1274. — DE FRÉDÉRIC, PRINCE ROYAL DE PRUSSE.
Remusberg, 18 mai[1].

Je vois dans vos discours la puissante évidence,
Et d’un autre côté la brillante apparence :
Par tous deux[2] ébranlé, séduit également.
Je demeure indécis dans mon aveuglement.
L’homme est né pour agir, il est libre, il est maître,
Mais ses sens limités ne sauraient tout connaître ;
Ses organes grossiers confondent les objets ;
L’atome n’est point vu de ses yeux imparfaits.
Et les trop vastes corps à ses regards échappent ;
Les tubes vainement dans les cieux les rattrapent.
Pour tout connaître enfin nous ne sommes pas faits.
Mais devinons toujours, et soyons satisfaits.

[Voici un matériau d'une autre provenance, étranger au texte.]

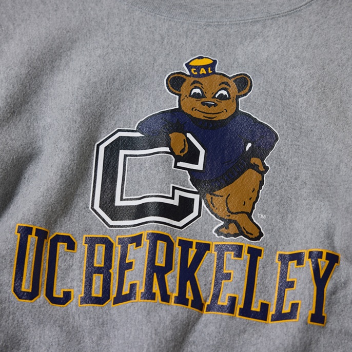 筆者が大学時代、カリフォルニア大学バークレー校は世界の大学生から憧憬される存在だった。世界の大学ランキングで常にシングル順位、その上スポーツも強い文武両道の大学だったからだ。当該品は赤の単色タグが付く杢グレーのリバースウィーブで、アメリカ製のクルーネック仕様。胸には同大学のキャラクターと「BERKELEY」のレターが大きくプリントされている。当時、バークレーの街並みとこの「calベア」キャラクターに憧れていたことを思い出す。撮影のみに使用のミントコンディション

Voilà tout le jugement que je puis faire entre la marquise et M. de Voltaire. Quand je lis votre Métaphysique, je m’écrie, j’admire, et je crois. Lorsque je lis les Institutions physiques[3] de la marquise, je me sens ébranlé, et je ne sais si je me suis trompé ou si je me trompe[4]. En un mot, il faudrait avoir une intelligence aussi supérieure aux vôtres que vous êtes au-dessus des autres êtres pensants, pour dire qui de vous a deviné le mot de l’énigme. J’avoue humblement que je respecte beaucoup la raison suffisante, mais que je la croirais d’un usage infiniment plus sûr si nos connaissances étaient aussi étendues qu’elle l’exige. Nous n’avons que quelques idées des attributs de la matière et des lois de la mécanique ; mais je ne doute point que l’éternel Architecte n’ait une infinité de secrets que nous ne découvrirons jamais, et qui, par conséquent, rendent l’usage de la raison suffisante insuffisant entre nos mains. — J’avoue, d’un autre côté, que ces êtres simples qui pensent me paraissent bien métaphysiques, et que je ne comprends rien au vide de Newton, et très-peu à l’espace de Leibnitz. Il me paraît impossible aux hommes de raisonner sur les attributs et sur les actions du Créateur, sans dire des pauvretés. Je n’ai de Dieu aucune autre idée que d’un Être souverainement bon.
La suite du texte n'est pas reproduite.